Depth allows Pirates to build toward future
Published 12:25 pm Friday, July 21, 2017
GREENVILLE — Kickoff in Dowdy-Ficklen Stadium is six Saturdays away.
This upcoming football season is going to be an important one for East Carolina and second-year coach Scottie Montgomery. The head Pirate, who came over from Duke to begin his head-coaching career in Greenville, posted a 3-9 record in his first season with ECU.
Fans are clamoring for more success this season. Despite a grueling schedule that features non-conference matchups with Brigham Young, Virginia Tech and even reigning FCS champion James Madison in the opener, everyone wants to see noted improvement from last year to this year.
No one wants to see the Pirates collect more wins this year than Montgomery himself. He’s also looking down the road at what he can build ECU into a few seasons from now.
Montgomery has already sent a strong message about what he’s trying to make the program into. He and his staff hit the recruiting trail hard, and it paid off in an output of promising commitments.
“Our assistant coaches have done everything in the world in recruiting for the last eight or nine months, and especially in the last five months since we’ve added some new people in recruiting,” Montgomery said. “Once they get (the recruits) here, I think it’s easy. We have our campus. We have our school. We have the greatest fan base in the country. We have unbelievable facilities that are growing.”
It will be a few years before many of those commits or even the incoming freshman class are relied upon on the field. That’s because of the depth ECU has almost across the board. Montgomery said that, despite losing the NCAA’s most prolific pass catcher in Zay Jones, the Pirate receiving corps should be deeper than it was in 2016.
ECU has earned a reputation for churning out professional-level wide receivers. Depth at that position is expected. The Pirates have added depth where there wasn’t, too. The defensive line has another year under its belt. Upperclassmen like
“Twelve months, six months, it makes a huge difference. That’s what we had to have,” Montgomery said. “I felt bad at times. We were playing five guys on our defensive front. Everybody else was playing 11 and 12. Then you turn on the tape and wonder why guys are not playing at the highest level in the fourth quarter. It’s because they’ve just been banged out.”

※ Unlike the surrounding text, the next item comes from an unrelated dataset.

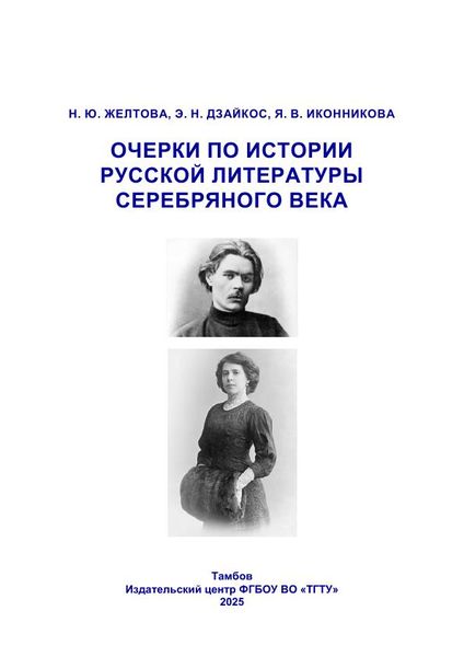 Желтова, Н. Ю. Очерки по истории русской литературы серебряного века : учебное пособие / Н. Ю. Желтова, Э. Н. Дзайкос, Я. В. Иконникова. — Тамбов : Тамбовский государственный технический университет, ЭБС АСВ, 2025. — 80 c. — ISBN 978-5-8265-2959-1. — Текст : электронный // Цифровой образовательный ресурс IPR SMART : [сайт]. — URL: https://www.iprbookshop.ru/160497.html (дата обращения: 15.04.2026). — Режим доступа: для авторизир. пользователей

Montgomery added that it was a problem that didn’t manifest until the middle portion of the season. Those few guys that were asked to shoulder much of the load up front were strong and healthy to open the season. It’s what allowed ECU to beat a good North Carolina State team. Those linemen ended up getting ground down by the time the American Athletic Conference schedule was in full swing.
Switching to a 4-2-5 defensive scheme has created depth at linebacker, too. Senior Jordan Williams will see a lot of the field this season, but there are plenty of other linebackers that ECU can cycle into the two-man rotation.
Some of the additions that created depth, especially on the front, have been graduate transfers. It’s a quick fix, but it lets younger players like eastern North Carolina products in Kendall Futrell (South Central), Raequan Purvis (Plymouth) and Jalen Price (Riverside) mature.
“My biggest thing I wanted to do at that position was to add length, girth, but also a lot of depth and playmakers,” Montgomery said. “I also wanted to add some age. I think we’ve got a good core, young group of guys coming in behind these guys.”
Winning cures all problems. It’s reasonable to expect that ECU takes a step forward this fall. It might only be another win or two, and a bowl game is going to be a tough task considering the schedule.
Even so, the Pirates have their eyes on the future, and Montgomery is building a deep squad that, at this rate, should be able to compete.